▶ Exercise:
As you restate the entries, keep every word intact and leave out whatever images they hold.

▶ Excerpted records:
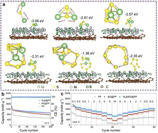 Other metal compounds, like oxides and nitrides [71,72,73], have also shown strong adsorption towards sulfur species, which can effectively mitigate the shuttle effects. For example, Wang et al. designed a core-shelled heterostructure containing Ni3B nanoparticles dispersed on B-doped graphene (Ni3B/BG) to boost the reaction kinetics of Li-S batteries [57]. DFT calculations have determined the adsorption properties of polysulfides. Figure 7a shows various sulfur species’ adsorption energies with optimum structures on Ni3B/BG and BG. Due to the binary interaction, the S atoms of polysulfides were significantly bound with B and Ni. That was in accordance with the XPS results and the adsorption experiment. Ni3B revealed a stronger anchoring ability to polysulfides compared to BG. Polysulfides adsorbed on Ni3B lengthened the bond. This chemical interaction further caused the change in the other bond length. The simultaneous elongation of the S-S and Li-S bonds facilitated the conversion of polysulfides and the Li2S deposition process. Ni3B/BG exhibited superior adsorption towards polysulfides and desirable catalytic effects, enabling sulfur cathodes to have excellent cycling stability. Sulfur cathodes with Ni3B/BG@PP-modified separators maintained a high reversible capacity of 908 mAh g−1 at 0.5 C after 200 cycles (Figure 7b). In addition, Ni3B/BG@PP allowed sulfur cathodes to obtain a high capacity of 650 mAh g−1 even at 10 C (Figure 7c).
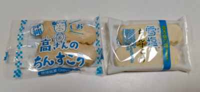 帰りの空港でゲットした雪塩ちんすこうと比較します。手前の2個が激安品。右側は包装紙があるだけで、ナカミは左側と同じ。コチラは実家への置き土産にしました。
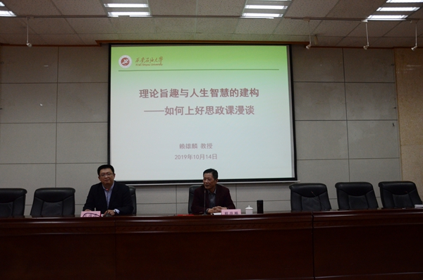 聘任儀式結(jié)束后,賴雄麟教授為馬院師生作了題為《理論旨趣與人生智慧的建構(gòu)——如何上好思政課漫談》的學(xué)術(shù)報(bào)告。他從我們?yōu)槭裁葱枰枷胝谓逃⑺枷胝谓逃男再|(zhì)、如何上好思想政治教育三個(gè)方面進(jìn)行了精彩地講解,并與參會師生進(jìn)行了互動交流。
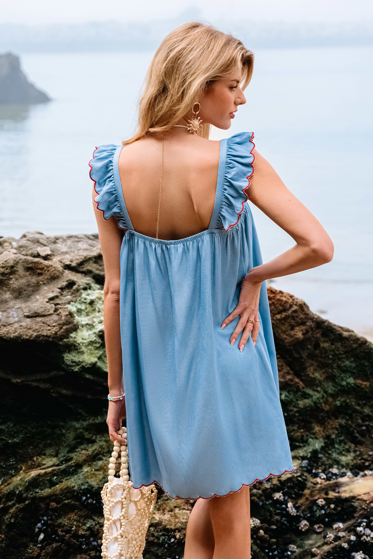 The Sun Meadow Blue Mini Dress feels like a fresh breeze on a summer day! Featuring a square neckline, sleeveless design, and playful ruffled trim, this mini is made for easygoing style.
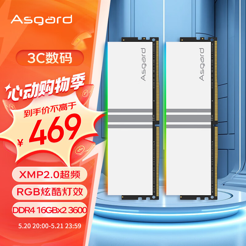 阿斯加特(Asgard)32GB(16Gx2)套装 DDR4 3600 台式机内存条 RGB灯条-女武神·瓦尔基里系列价格:469.00元!
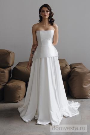 Корсетный лиф с глубоким V-образным вырезом и полупрозрачной вставкой деликатно подчёркивает линию декольте, создавая интригующий и соблазнительный акцент. Его поверхность полностью усыпана мерцающим бисером и вышивкой. Особый шарм платью придают ниспадающие жемчужные нити, образующие воздушные бретели, которые изящно обрамляют плечи, добавляя образу динамики и хрупкости. Пышная юбка А-силуэта, выполненная из многослойного фатина с нежным мерцанием, создаёт ощущение невесомости и грации. Высокий разрез на юбке, деликатно открывающий стройные ноги, привносит в образ нотку современной дерзости и динамики, сохраняя при этом общую элегантность. Дополнить свадебный визуал можно с помощью броского активного чокера, стоимостью 11 000 рублей. Обращаем ваше внимание, что за модели данного бренда, начиная с 50 российского размера, осуществляется наценка +20%, а от 54 размера +30%.

▶ Result of this exercise:
 Other metal compounds, like oxides and nitrides [71,72,73], have also shown strong adsorption towards sulfur species, which can effectively mitigate the shuttle effects. For example, Wang et al. designed a core-shelled heterostructure containing Ni3B nanoparticles dispersed on B-doped graphene (Ni3B/BG) to boost the reaction kinetics of Li-S batteries [57]. DFT calculations have determined the adsorption properties of polysulfides. Figure 7a shows various sulfur species’ adsorption energies with optimum structures on Ni3B/BG and BG. Due to the binary interaction, the S atoms of polysulfides were significantly bound with B and Ni. That was in accordance with the XPS results and the adsorption experiment. Ni3B revealed a stronger anchoring ability to polysulfides compared to BG. Polysulfides adsorbed on Ni3B lengthened the bond. This chemical interaction further caused the change in the other bond length. The simultaneous elongation of the S-S and Li-S bonds facilitated the conversion of polysulfides and the Li2S deposition process. Ni3B/BG exhibited superior adsorption towards polysulfides and desirable catalytic effects, enabling sulfur cathodes to have excellent cycling stability. Sulfur cathodes with Ni3B/BG@PP-modified separators maintained a high reversible capacity of 908 mAh g−1 at 0.5 C after 200 cycles (Figure 7b). In addition, Ni3B/BG@PP allowed sulfur cathodes to obtain a high capacity of 650 mAh g−1 even at 10 C (Figure 7c).
 帰りの空港でゲットした雪塩ちんすこうと比較します。手前の2個が激安品。右側は包装紙があるだけで、ナカミは左側と同じ。コチラは実家への置き土産にしました。
 聘任儀式結(jié)束后,賴雄麟教授為馬院師生作了題為《理論旨趣與人生智慧的建構(gòu)——如何上好思政課漫談》的學(xué)術(shù)報(bào)告。他從我們?yōu)槭裁葱枰枷胝谓逃⑺枷胝谓逃男再|(zhì)、如何上好思想政治教育三個(gè)方面進(jìn)行了精彩地講解,并與參會師生進(jìn)行了互動交流。
 The Sun Meadow Blue Mini Dress feels like a fresh breeze on a summer day! Featuring a square neckline, sleeveless design, and playful ruffled trim, this mini is made for easygoing style.
 阿斯加特(Asgard)32GB(16Gx2)套装 DDR4 3600 台式机内存条 RGB灯条-女武神·瓦尔基里系列价格:469.00元!
 Корсетный лиф с глубоким V-образным вырезом и полупрозрачной вставкой деликатно подчёркивает линию декольте, создавая интригующий и соблазнительный акцент. Его поверхность полностью усыпана мерцающим бисером и вышивкой. Особый шарм платью придают ниспадающие жемчужные нити, образующие воздушные бретели, которые изящно обрамляют плечи, добавляя образу динамики и хрупкости. Пышная юбка А-силуэта, выполненная из многослойного фатина с нежным мерцанием, создаёт ощущение невесомости и грации. Высокий разрез на юбке, деликатно открывающий стройные ноги, привносит в образ нотку современной дерзости и динамики, сохраняя при этом общую элегантность. Дополнить свадебный визуал можно с помощью броского активного чокера, стоимостью 11 000 рублей. Обращаем ваше внимание, что за модели данного бренда, начиная с 50 российского размера, осуществляется наценка +20%, а от 54 размера +30%.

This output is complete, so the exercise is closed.